1. Grow and harvest cells with fluorescently labeled protein of interest (see Note 7). 2. Resuspend cell pellets in 500 μL ice-cold lysis buffer 3. 3. On ice, extrude the suspended cells through a 27 G needle 25 times, followed by a 31 G needle 10 times. 4. For efficient lysis, incubate cell lysates on ice for 30 min and vortex samples at regular intervals six times for 45 s each. 5. Dilute cell lysates with ice-cold 500 μL buffer A, followed by spinning the crude lysates at 1000
g for 6 min at 4  C and discard the supernatant (see Note 8). 6. Wash pellets twice by resuspension in 1 mL buffer A and spin at 1000
g for 6 min at 4  C. 7. Resuspend the pellets in 1 mL buffer A and pass the solution through a cell strainer snap cap round-bottom polystyrene 5 mL test tube.
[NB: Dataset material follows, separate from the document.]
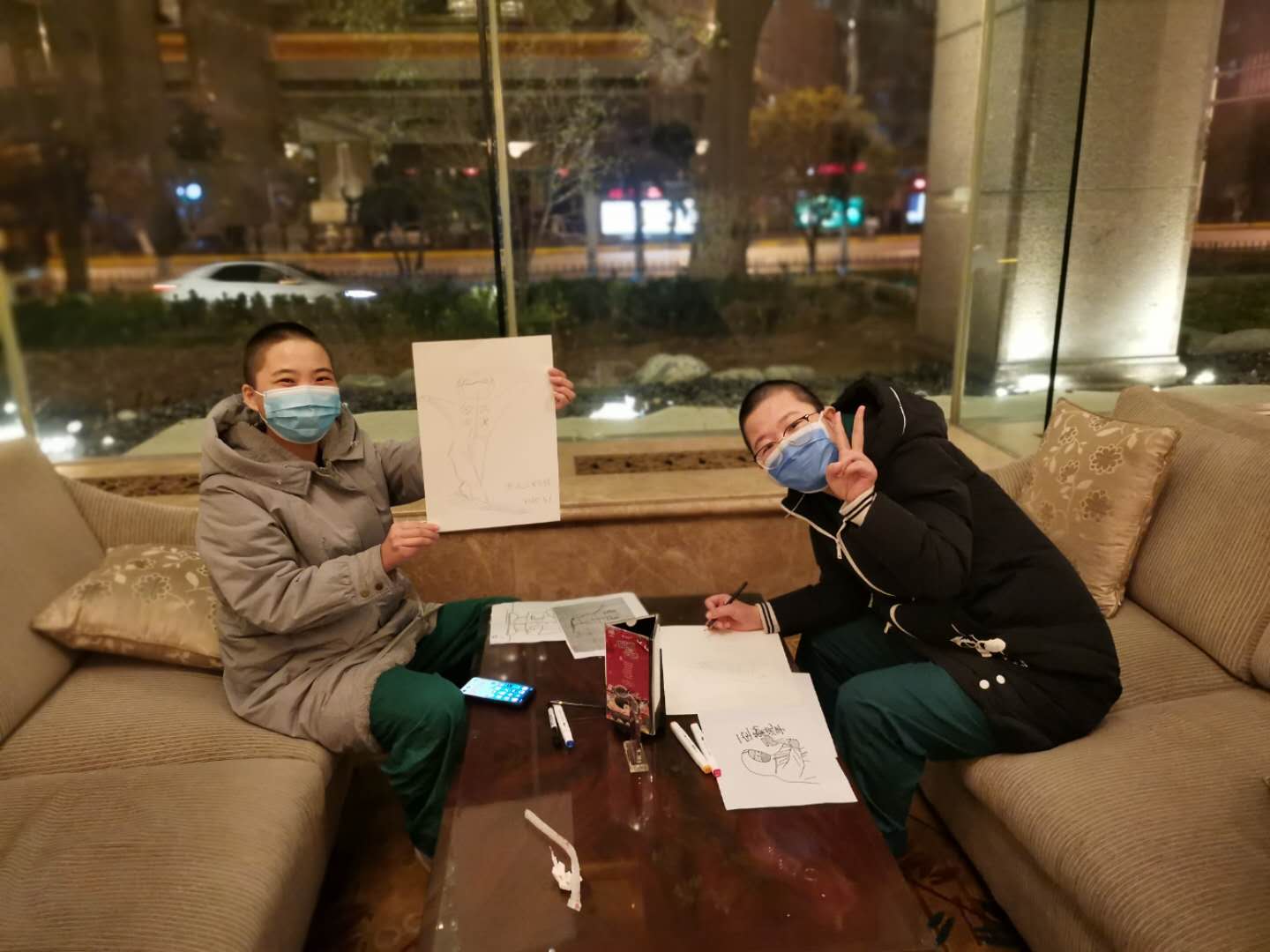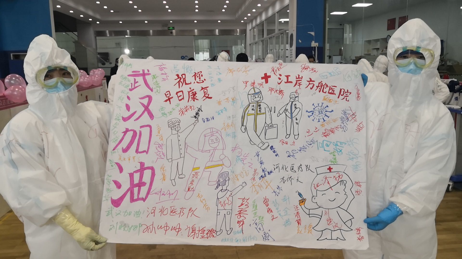 這兩天,幾張繪有深州蜜桃、衡水中學校徽的戰疫卡通畫,以及幾幅帶有武強年畫色彩的剪紙作品,出現在武漢江岸方艙醫院醫護通道的墻面上,這些出自我市支援湖北醫療隊“美小護”之手的作品雖略顯簡單,卻緩解了患者們入院后緊張的心情。

This step is important to maintain a uniform single-aggregate suspension and prevent clogging of flow cytometer. Store the resuspended pellets on ice until sorting. 8. Vortex pellet suspensions for 45 s immediately prior to fluorescence-activated cell sorting (FACS). 9. Sort fluorescent particles using the appropriate excitation and emission filter set with PulSA by flow cytometry [12]. If using a BD FACS Aria III equipped with a 100 μm diameter nozzle at 20 psi, set sort rates to 500 events per second and collect one million aggregates per condition. These parameters will need to be optimized for other instruments. For detailed PulSA settings, please refer to [12].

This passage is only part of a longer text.